About as inside-baseball for visual arts as you can get, Mariano Llinás’s three-part portrait of Argentinian art collective Mondongo is knackering, infuriating and, infuriatingly, often brilliant – especially in its more sincere second instalment. The film nominally tries to document Mondongo’s 2021 Baptistery of Colours project, in which the artists catalogued the chromatic spectrum with plasticine blocks inside a dodecahedron chapel. But it quickly snowballs into Llinás’s own scattershot inquiry into colour and portraiture, a tone poem that ceaselessly interrogates its own tones, a crisis of faith about representation, and – as he falls out with artists Juliana Laffitte and Manuel Mendanha – a droll depiction of a director’s nervous breakdown.
As Laffitte lets fly at him at one point, Llinás can never resist the urge to interrupt with his latest brainwave. By quoting one critic referencing his previous 13-hour portmanteau from 2018, the director pre-empts any criticism of the almost five-hour work in front of us: “You get the feeling he doesn’t know what to do next, and the solution he’s found is to autodestruct.” But this impish postmodernism quickly darkens in the Triptych’s first part, titled El Equilibrista (The Tightrope Walker); soundtracking Mondongo’s colour classification to bursts of music from Psycho and Vertigo, he seems disturbed by their quest to break down art into its constituent elements. This strand alternates with another in which an art historian attempts to document Mondongo’s process; both are constantly intercut with excerpts of Llinás’s documentary script, him revealing the canvas on which he is daubing his own strokes.

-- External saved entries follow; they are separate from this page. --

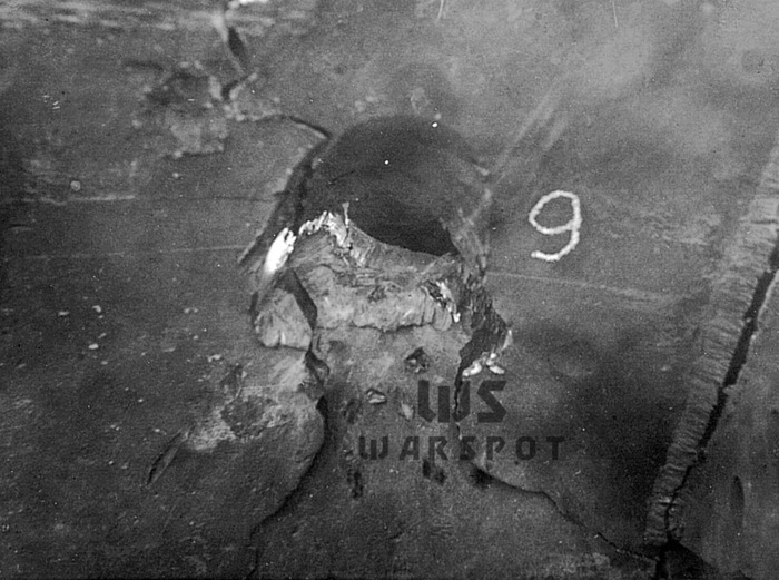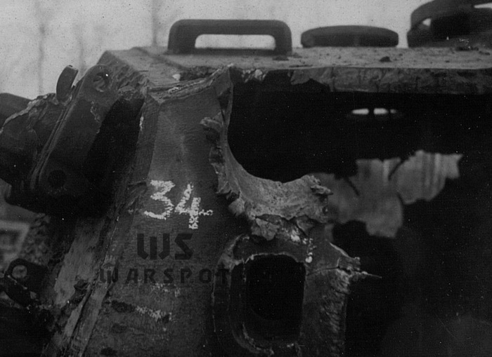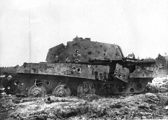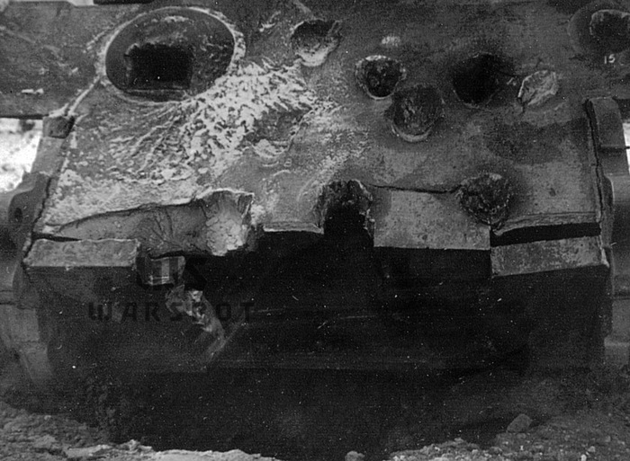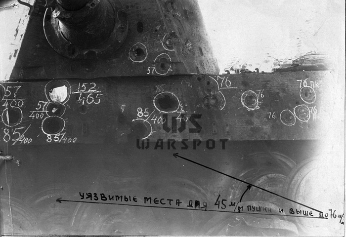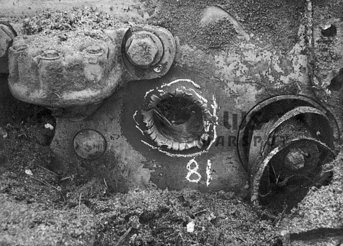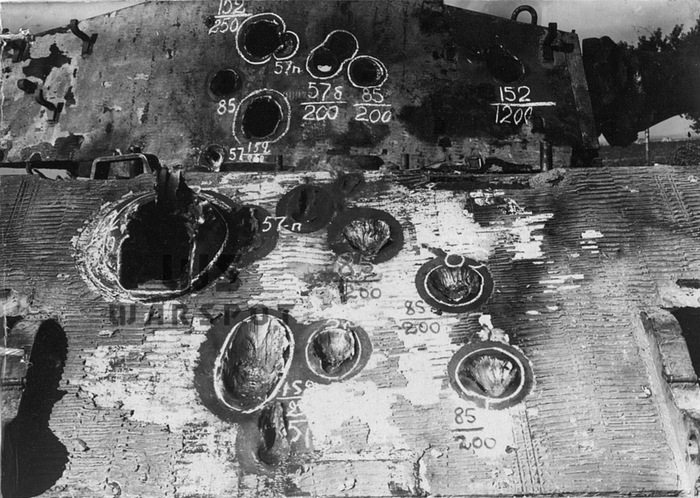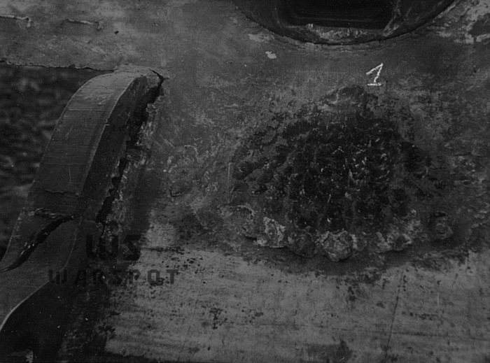 Пробитие 152-мм бронебойным снарядом в нижний лобовой лист. Более эффективным оказался огонь осколочно-фугасными снарядами, которые разрушали сварные швы и вызывали трещины в броне, а также отколы с внутренней стороны.
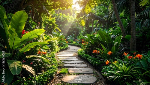 Enchanting Tropical Garden Pathway Bathed in Golden Sunlight.
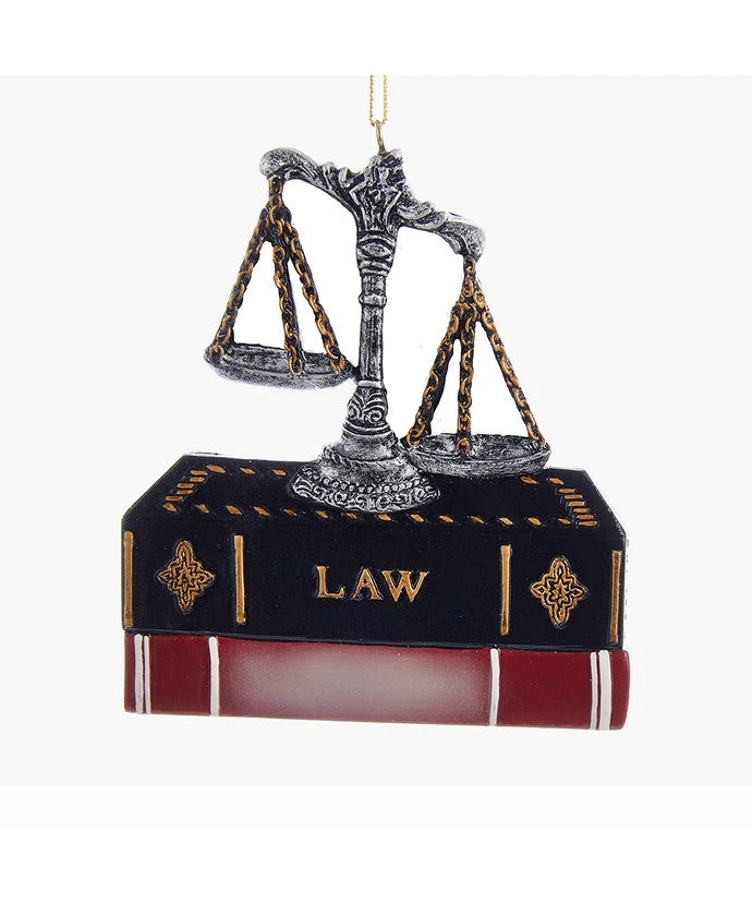This resin lawyer ornament from Kurt Adler is a beautiful addition to any holiday décor. Perfect for lawyers or anyone studying to become a lawyer or Jurist, this ornament features the Scales of Justice on top of two law books.
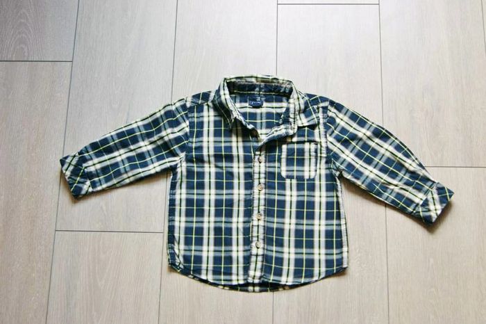 Chemise noir et jaune. Garçon 24 mois. Marque Kiabi

Llinás redeems this lugubrious introduction in the second part, Retrato de Mondongo (Portrait of Mondongo), which begins with him pitching the film to Laffitte and Mendanha as a duel about their respective ideas of colour. His extends the emotional pitch to the elements from which film is constructed, like the stabs of Bernard Herrmann, or his own incorrigible addiction to metatextuality.
But as he digs himself in deeper – redramatising his arguments with Mondongo, inflicting on us the writing of a long prose poem about his aesthetics – something breaks. Laffitte dresses him down about his egoism, saying it amounts to a form of “evil”. He sheds a solitary tear. Lost in midlife “tempest” about how to best represent reality, he admits nostalgia for “feverish nights” with Mondongo in the early 2000s, when he shared their sense of purpose. (Their portraits in plasticine, wood and other materials are indeed very beautiful.) It turns out the arch-maximalist pines for the simplicity of la bohème.

Alas, this Argentinian size queen can’t just leave it there. He has to give us part three, Kunst der Farbe (named for the 1961 manual on colour by Johannes Itten that inspired Mondongo’s project). Adding the proviso that it is his unfinished contribution to the duel, he’s right about it being a failure. Broken down into eight colour-coded subsections with pretentious titles such as Green or the Conclave of the Ancient Plant Bishops, most are pedantic montages with little insight into the hue in question. Llinás hams it up as a monocled Fritz Lang majordomo overseeing the farrago but this adds little; only traditional documentary-style commentary from his colourist offers any worthwhile perspective.
If nothing else, the third part serves as a reminder that form can never divest itself entirely of content. Jokey deconstruction of directorial megalomania though it may be, The Triptych of Mondongo is compelling only when Llinás gets candid about his insecurities. But the buffoonery does have the odd moment: his cameraman Agustín – the Sancho Panza to this rainbow-dazzled Quixote – repeatedly screaming “I represented Argentina well!” as their hound barks along sums up this art-theory dog’s dinner.